The above Lagrangian is unbounded below unless $\text{diag}(Z)=\mathbf{1}$ and $\lambda = 1$. Thus, the dual function is $$g(Z,z,\lambda) = -\text{trace}\left(A^{\top}AZ\right) + 2b^{\top}Az - b^{\top}b, \quad \text{if}\;\text{diag}(Z)=\mathbf{1},\:\lambda = 1,$$ and $g(Z,z,\lambda) = -\infty$ otherwise. Hence the bidual problem is $$\text{maximize}\quad -\operatorname{trace}(A^{\top}AZ) +2b^{\top}Az - b^{\top}b\\ \text{subject to} \quad \operatorname{diag}(Z) = \mathbf{1}, \quad \begin{pmatrix} Z & z\\ z^{\top} & 1 \end{pmatrix} \succeq \mathbf{0}.$$ Negating the objective above, we arrive at the desired form.

(ii) The posted code $\texttt{AM229F20HW7solution.m}$ gives the optimal value of the bidual: $63.791752427470477$. The error is $0\%$, that is, the bidual minimizer recovers the true signal $x$.

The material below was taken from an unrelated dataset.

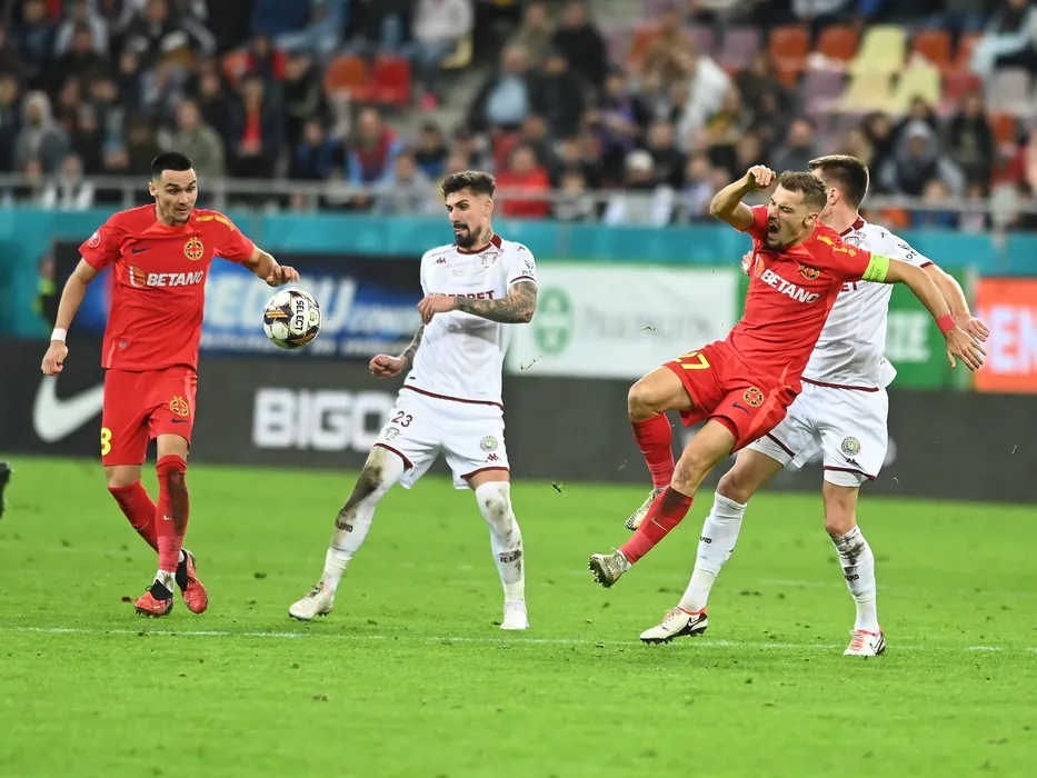 Adrian Gheorghe Sut, Alexandru Cristian Albu si Darius Dumitru Olaru in meciul de fotbal dintre FCSB si Rapid Bucuresti, din cadrul Superligii Superbet, desfasurat pe Arena Nationala din Bucuresti, duminica 5 noiembrie 2023. © FOTO:Razvan Pasarica/SPORT PICTURES

(iii) We see that the numerically computed optimal solutions from a(ii), b(ii) and c(ii) match very well (modulo floating point arithmetic). For the randomly generated problem data given, the convex relaxation recovers the true signal. But this is not guaranteed for any problem data. Numerical experiments (with different random seeds) show that the recovery does occur often (i.e., with high probability) but not always. The dual and the bidual problems are both convex optimization problems. From the numerics, they have zero duality gap.